A Mind of Its Own : How Your Brain Distorts and Deceives by Cordelia Fine
Dotted with popular explanations of social psychology research and fascinating real-life
examples, A Mind of Its Own tours the less salubrious side of human psychology.
Psychologist Cordelia Fine shows that the human brain is in fact stubborn, emotional and
deceitful, and teaches you everything you always wanted to know about the brain - and
plenty you probably didn't.
The Man Who Mistook his Wife for a Hat by Oliver Sacks
In his most extraordinary book, Oliver Sacks recounts the stories of patients lost in the
bizarre, apparently inescapable world of neurological disorders.
The Marshmallow Test : Understanding Self-control and How To Master It by Walter
Mischel
A child is presented with a marshmallow and given a choice: Eat this one now, or wait and
enjoy two later. What will she do? And what are the implications for her behaviour later in
life?Walter Mischel's now iconic 'marshmallow test,' one of the most famous experiments in
the history of psychology, proved that the ability to delay gratification is critical to living a
successful and fulfilling life: self-control not only predicts higher marks in school, better
social and cognitive functioning, and a greater sense of self-worth; it also helps us manage
stress, pursue goals more effectively, and cope with painful emotions.

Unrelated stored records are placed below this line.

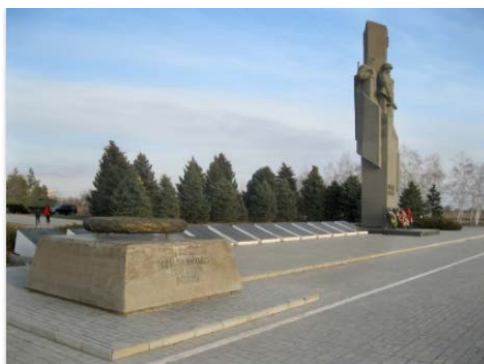
Рядом с обелиском находится 13 тумб с именами погибших. И отдельная тумба с бронзовым венком и надписью: «БЕЗЫМЯННЫМ ЖЕРТВАМ ВОЙНЫ». Дата съемки: 2015 г.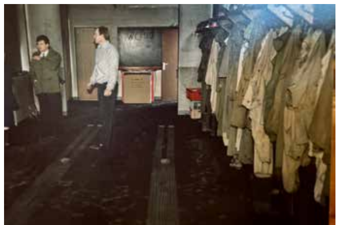
Brand im Feuerwehrhaus 1988

Wir laden Sie ein, ihre Geschichten und Erinnerungen mit uns zu teilen – gerne veröffentlichen wir auch diese im nächsten Jahresbericht.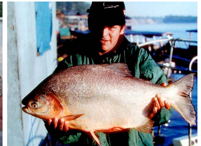
52 Paco Piaractus brachipomus T: pocu CHARACIDAE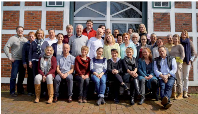
Gospelchor Blankenese beim Probenwochenende in Hüll

Eintritt frei, um Spenden wird gebeten | Info: fragen@gospel-blankenese.de, www.gospel-blankenese.de Wer künftig mitsingen möchte, kann den Chor jeweils nach den Sommerferien oder zum Jahresbeginn kennenlernen.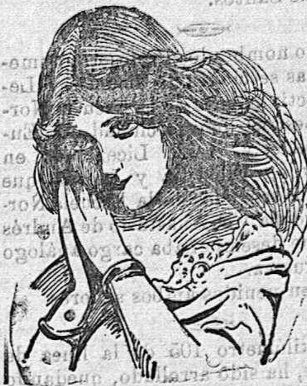
La moderna Venus de Milo.

¿Quién había de decirle á la Venus de Milo que haría furor en el siglo XX? ¿Y quién había de imaginar que aquella escultura que ya se halló sin un brazo, había de mover los dos, y hablar, y cambiar de posturas?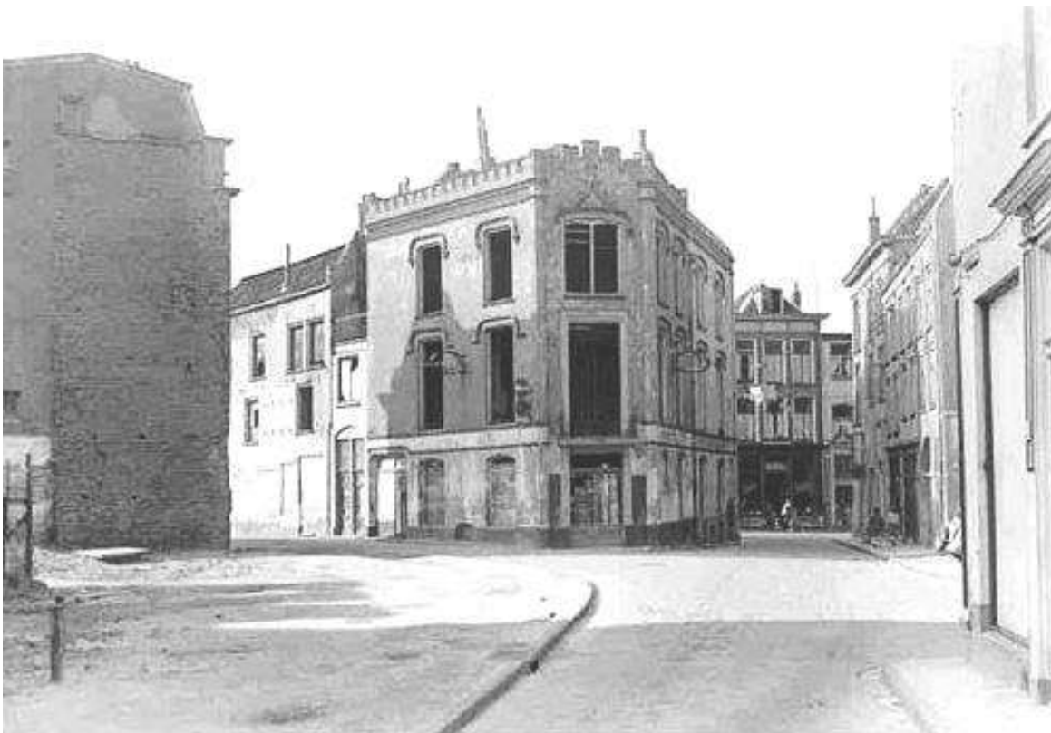
Heuveltje 2, in de rechterstraat aan de linkerkant. Op de achtergrond de Lange Hezelstraat. Waar deze panden stonden tot 1953 is nu het pleintje.

Whistling Vivaldi : How Stereotypes Affect Us and What We Can Do by Claude Steele
Claude M. Steele, who has been called "one of the few great social psychologists," offers a
vivid first-person account of the research that supports his groundbreaking conclusions on
stereotypes and identity. He sheds new light on American social phenomena from racial and
gender gaps in test scores to the belief in the superior athletic prowess of black men, and
lays out a plan for mitigating these "stereotype threats" and reshaping American identities.